I would like to know if there's a known algorithm or best practice way to do the following:
I have a collection with a subcollection, for example:
R1 R2 R3
-- -- --
M M M
N N
L L
A
What i need is an algorithm to get the following result:
R1, R2: M N L
R2: A
R3: M
This is -not- what i want, it has more repeating values for R than the above:
R1, R2, R3: M
R1, R2: N L
R2: A
I need to group in way that i get the most optimized groups of R. The least amount of groups of R the better so i get the largest sub collections.

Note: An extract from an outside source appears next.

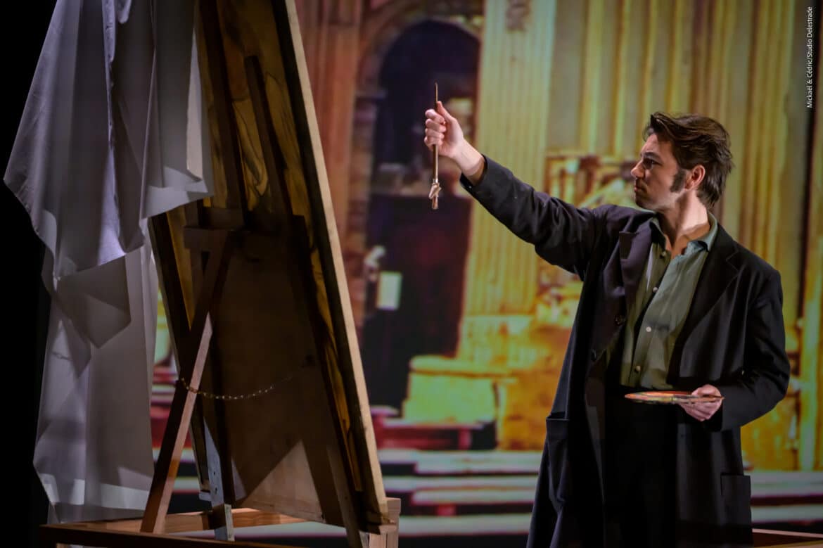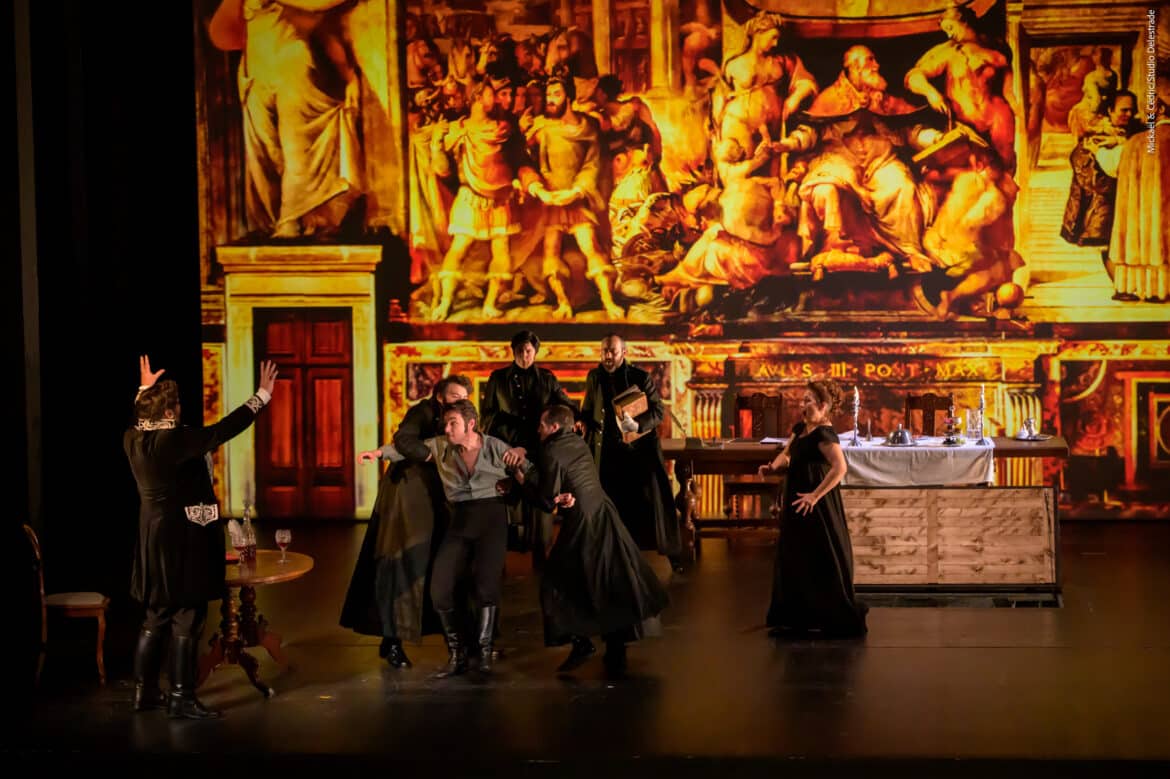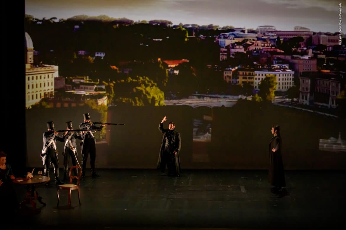 Facilité ? Réalisme et clarté du propos qui permetten de se concentrer sur l’intrigue elle-même, nous transportant à Sant’Andrea della Valle, puis au Palais Farnèse et enfin au château Saint-Ange – le tout grâce à des projections vidéo captées in situ par Julien Soulié. Les lieux s’animent, les couleurs changent, les effets sont rares, sans recherche de stylisation. Une façon de refaire au théâtre, le film tourné dans les lieux mêmes du drame[3] ? Une vision personnelle et respectueuse, donnant une véritable cohérence à la représentation, offrant quelques images fortes pour un beau spectacle qui rend l’opéra populaire.

Another example (with the most obvious result):
R1 R2 R3
-- -- --
M M A
V V B
L L C
Should result in:
R1, R2: M V L
R3: A B C
I need to do this in LINQ/C#.
Any solutions? Tips? Links?
-
It's not clear what you are trying to minimize or maximize. Do you always want to list the largest set common to more than one R group? Suppose you have R1: ABCD; R2: ABCD; R3: ABC ? Then would you like to get R1,R2: ABCD; R3: ABC ?kevin cline– kevin cline2012年11月28日 17:56:53 +00:00Commented Nov 28, 2012 at 17:56
-
I want the least combinations for R. The more "R"s in a group, the better. In your example: Yes, you're right.Jeroen– Jeroen2012年11月28日 18:05:13 +00:00Commented Nov 28, 2012 at 18:05
-
You're "not what I want" has the most R's in a group. Do you mean you want the least number of total R's in all groups ? I think that's what you're trying to say..Jimmy Hoffa– Jimmy Hoffa2012年11月28日 18:11:24 +00:00Commented Nov 28, 2012 at 18:11
-
Did anyone else initially misread the title as "algorithm to optimize groping"?Mason Wheeler– Mason Wheeler2012年11月28日 18:17:17 +00:00Commented Nov 28, 2012 at 18:17
-
You're right. I guess my explanation isn't the best. By the more "R"s in a group i meant that ideally i have them all in 1 group. The less they repeat the better.Jeroen– Jeroen2012年11月28日 18:19:38 +00:00Commented Nov 28, 2012 at 18:19
1 Answer 1
I think since you want the least total R's, you want to reverse your K/V and use the values as keys so your initial list becomes:
- M: R1, R2, R3
- N: R1, R2
- L: R1, R2
- A: R2
Then you can say the count of members intersecting ( http://msdn.microsoft.com/en-us/library/system.linq.enumerable.intersect.aspx ) of M and N is 2, which means you get n-(2 sets * 2 members) number of R's, and if you intersect L you get n-(3*2) number of R's. and if you intersect A as well you get n-(4*1) number of R's, so obviously your best choice is the second intersection set. Unfortunately this is a naive implementation with O(n!) time because you have to interset all possible sets to find the greatest set of intersections which will yield the largest minimization of R's to portray all sets.
After you find the best optimization in this technique where the largest intersection count * sets crossed, remove all the R's in the intersection set from the sets you intersected, then repeat the terribly inefficient combinatoric intersection comparisons against the sets as they are left. Rinse and repeat the comparisons to find largest intersections and remove them from the sets until no Rs are left in any sets.